Пришлось поизвращаться, чтобы Славка не зырил в экран: переспрашивать даты, отвлекать его всяко, и даже раз оплатить убирание лишнего впечатления. Но в итоге оба предка Марципана про развод забыли.
Негативные штуки мамке Славы они, посовещавшись, свели почти все к двадцати процентам и решили, что так будет терпимо, а если что, то и сам Марципан скоро докачается. У него был уже восемьдесят второй уровень.
– Уверенность в себе у бати проверь, – посоветовал Пашка на прощание. – Очень интересно от неё всё меняется.
– Куда ему больше, – хмыкнул благодарный и очень приободрённый Слава.
– Вот вообще не факт, что она шкалит.
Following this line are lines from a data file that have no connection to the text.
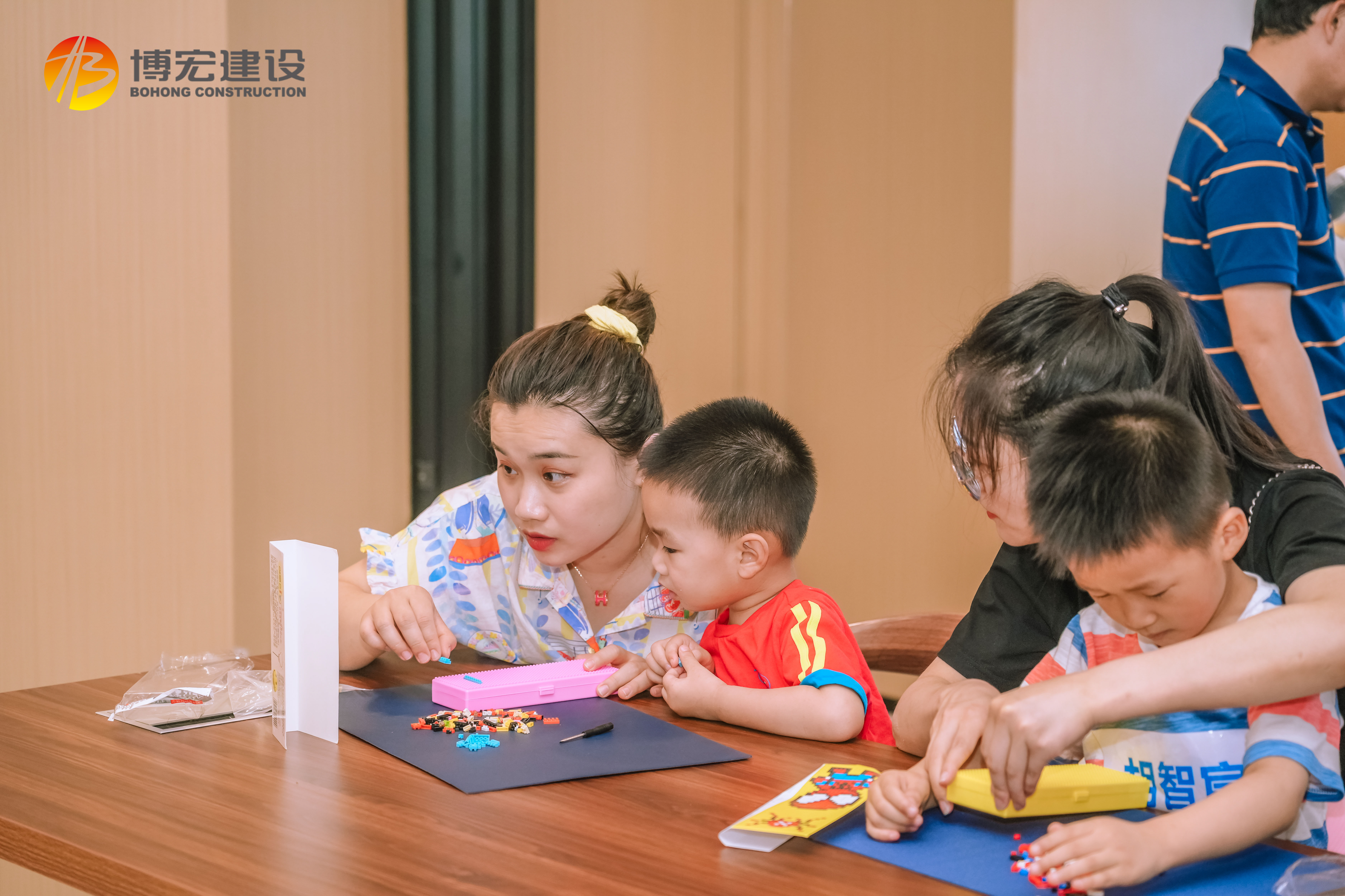 在专业老师带领下,全体成员进行DIY“积木文具盒”。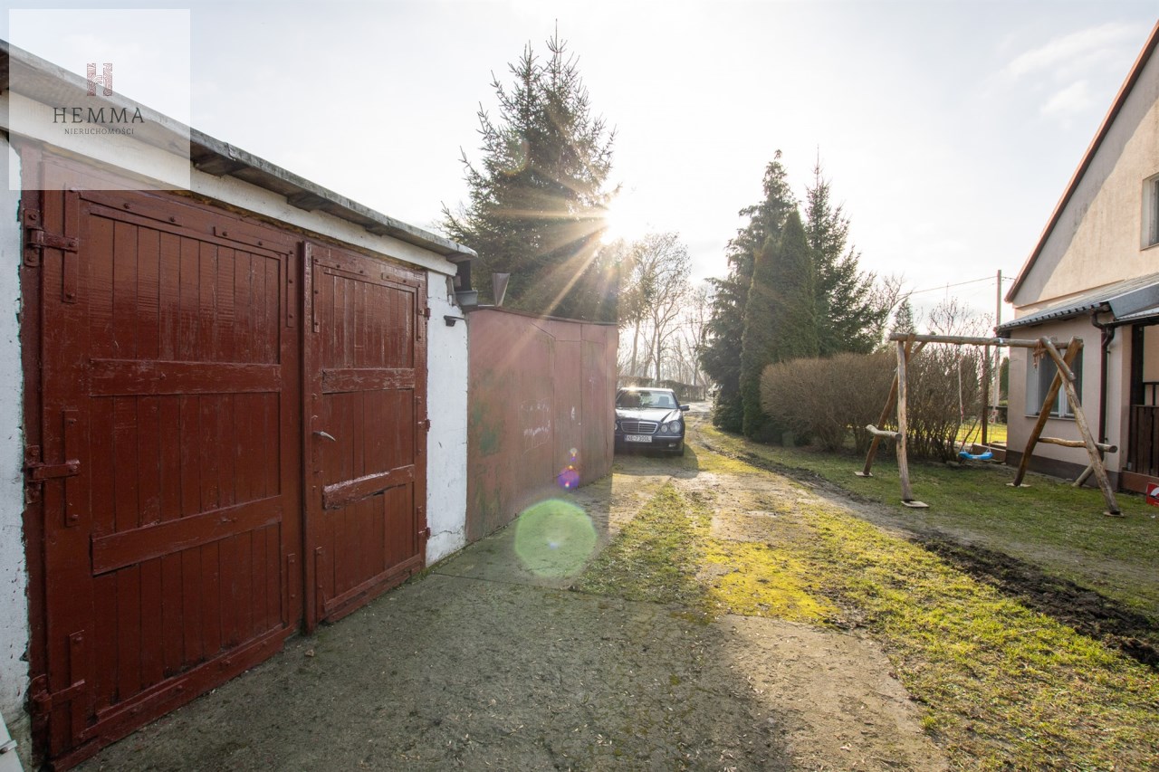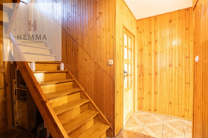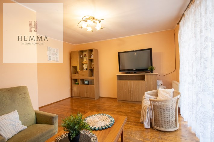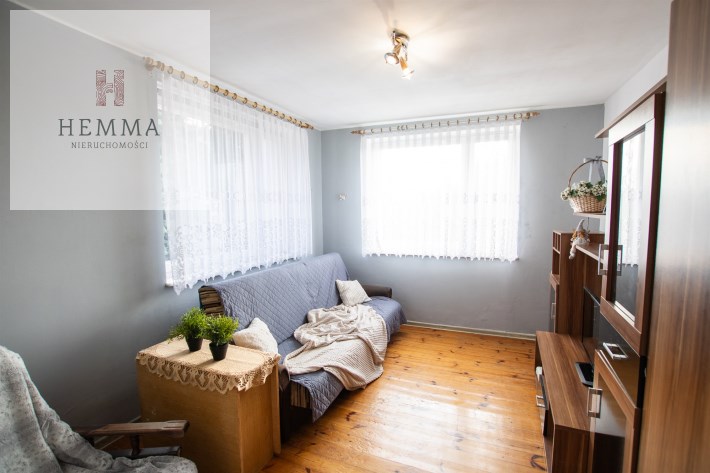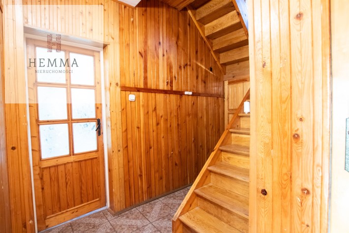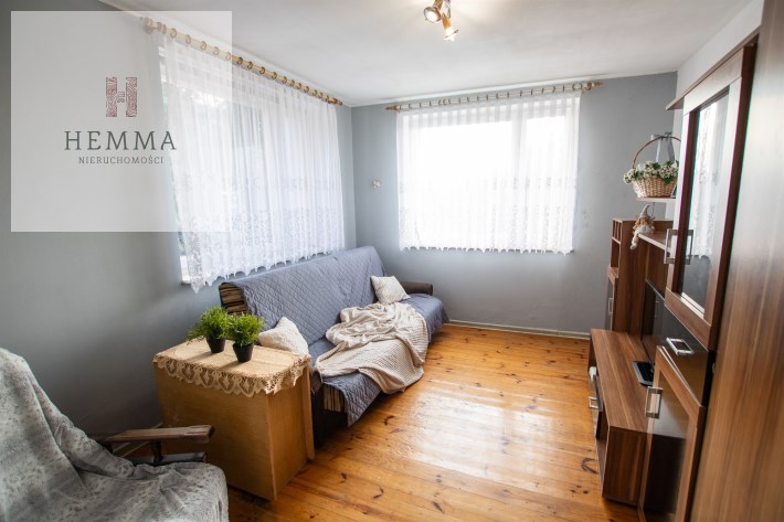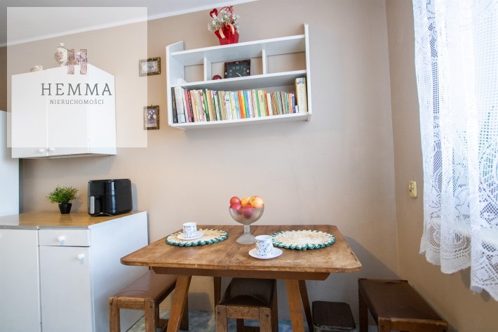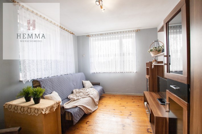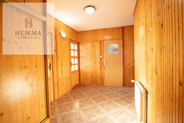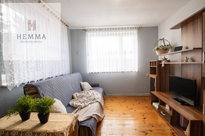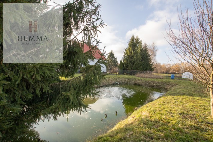 Dom składa się z dwóch sypialni, łazienki z WC, naprawdę obszernej kuchni oraz dużego salonu z którego wyjście na taras jest niezwykle wygodnym rozwiązaniem. Duży strych jest potencjałem do rozbudowy i wygenerowania dodatkowej powierzchni mieszkalnej a osobna kotłownia korzystnie wpływa na zachowanie czystości w części mieszkalnej. Na działce znajduje się garaż, kilka nasadzeń oraz własny staw który daje wiele możliwości dla nowego właściciela. Dom wybudowany w latach pięćdziesiątych jest w dobrym stanie technicznym i nie nastręczy żadnych problemów nowemu właścicielowi.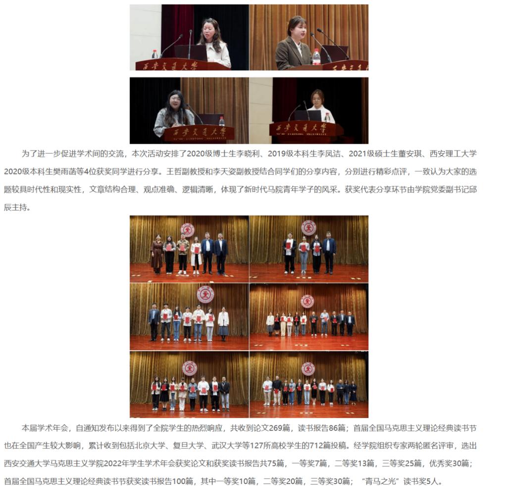 在兴庆校区主楼多功能报告厅隆重举行2022年学生学术年会暨首届全国马克思主义理论经典读书节活动,对在首届全国马克思主义理论经典读书节活动种获奖的同学进行表彰,还特别邀请有关领域专家做精彩学术报告,邀请获奖同学进行现场分享。

Ты проверь.
– Ну-ну. Психолог.
Психологом Пашка особо не был, он по-тихому глянул, отлучившись в сральню, что та самая уверенность у Дениса Марципанникова на одиннадцати процентах, а у Анны Марципанниковой – на восьмидесяти пяти. Но сам ничего трогать не стал. Не его это дело.
Его дело было на Терновском кладбище. Точнее, на кладбище оно только начиналось…
Глава 9: Некромант Соколов
До нужного погоста Пашка доехал уже в сумерках, костеря Марципана на все лады за задержку. Хотел же успеть посветлу, так нет! Опять некромант Соколов шарится в ночи по кладбищам, блин! Даже подумал перенести вылазку на завтра, но потом отмёл этот вариант, отнеся к малодушию.
К счастью, ограды вокруг гигантского массива захоронений не имелось. 2гис смешно писал про кладбище, что оно закрыто до завтра. Но оно было открыто и в опускающихся сумерках казалось совсем незнакомым.
Хотя бояться было нечего, да и вечер выдался тёплым, и по такой хорошей погоде много кто решил своим покойникам внимание уделить, но за день не управился: на аллейках тут и там виднелись люди, и это Пашку порадовало и приободрило.
Номер нужного ряда за минувшие недели младший Соколов, разумеется, забыл напрочь, но всё-таки примерное расположение группы Айвазовских помнил. И их даже отыскал почти без труда, хотя и не так быстро, как хотелось бы. Стремительно темнело, и пришлось подсвечивать фонариком в телефоне.
А вот могила самой Агнии испарилась, хоть ты тресни. Её-то он помнил. И её тут уже не было. Натурально.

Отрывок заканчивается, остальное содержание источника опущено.